Interview: Dr. John Incardona on Oil’s Heartbreaking Impact on Fish and What it Means for Gulf Restoration

(This blog is part of a series of interviews with scientists who are championing marine research in the Gulf of Mexico.)

Dr. John Incardona is an ecotoxicologist and researcher at the National Oceanic and Atmospheric Administration’s (NOAA) Northwest Fisheries Science Center who spent much of his childhood in the Gulf of Mexico. Trained as a physician, he did his postdoctoral research into human birth defects, which eventually led him to study how chemicals affect fish embryos. He found that specific chemicals in crude oil are toxic to the hearts of developing zebrafish – a major finding with implications for assessing the health of wild fish before and after large-scale disasters. Ocean Conservancy talked with Dr. Incardona about his work and the new research tools that could be put to use in the Gulf and elsewhere.

Ocean Conservancy: What is ecotoxicology?

Dr. Incardona: Ecotoxicology seeks to understand how chemicals impact ecosystems, from individual molecules at the biochemical level up to the level of cells, individual animals and entire populations. We often need to know how chemical contaminants impact individuals before we can understand the effects on a population or ecosystem.

OC: Could you elaborate?

Dr. I.: Consider the Pacific herring population in Prince William Sound after the Exxon Valdez oil spill. At the time, it was the biggest commercial fishery there. The population collapsed four years after the spill. No one could explain why, or draw clear connections to the oiling of herring spawning habitat. The state of the science in 1989 wasn’t far enough along that the natural resource community understood how exposures to very low levels of crude oil could have subtle but important effects on developing herring embryos — or that these effects could subsequently reduce individual survival later in life.

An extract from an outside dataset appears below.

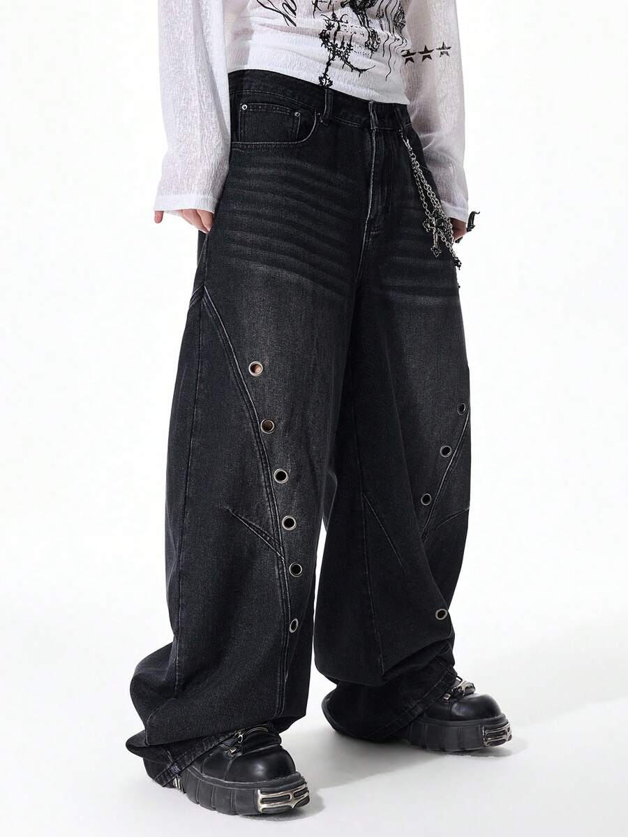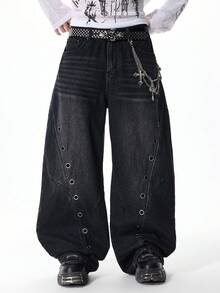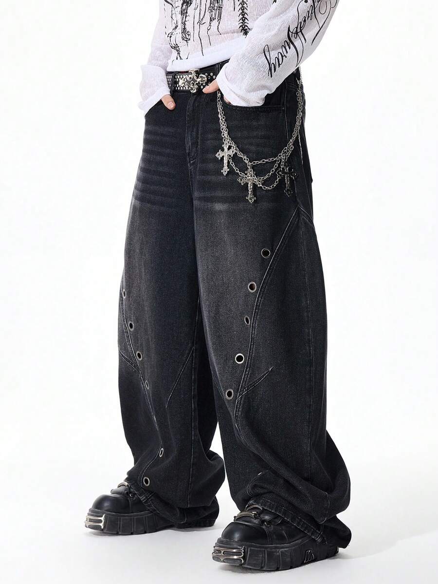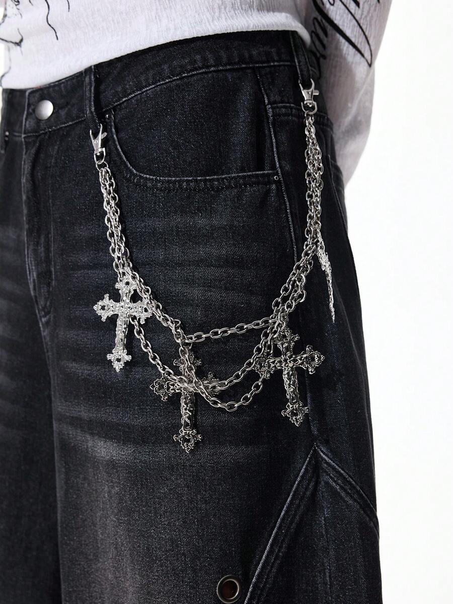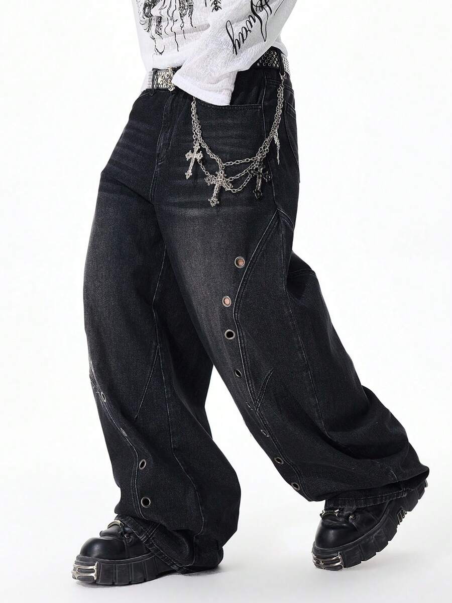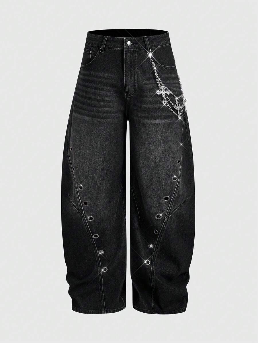 Street Life Jeans para hombre con cadena decorativa y cuchillo curvo

OC: How broadly studied is this field today? Is it still being developed?

Dr. I.: Ecotoxicology is a relatively young field. The term was coined in the late 1960s, and integrates ecology and toxicology, disciplines with much older roots. For comparison, modern medical toxicology has its roots in the early 1800s.

Ecotoxicology is still very much under development today. The field is moving away from the older “kill ‘em and count ‘em” approach emphasizing simple mortality assays, towards much more sophisticated assessments of organismal health, or so-called sublethal effects. In parallel to human health research, ecotoxicology is benefiting from recent, major advances in molecular and computational biology.

OC: What’s the major challenge?

Dr. I.: The big challenge is taking all this new and complex information about an individual animal’s physiology and connecting to the ecology of large coastal and open ocean habitats. That’s really the cutting edge right now – putting the “eco” in ecotoxicology.

In the U.S. Pacific Northwest, an example is coho salmon populations that have been driven locally extinct in urban watersheds. A small urban stream looks very different from a rural stream, largely due to the multiple stressors put on it. That changes everything, from the insects that live in the stream, to the fish that spawn there and the health of juveniles that survive. The challenge is to find out which stressors are key to limiting population recovery.

OC: How long have you been studying fossil fuel toxicity?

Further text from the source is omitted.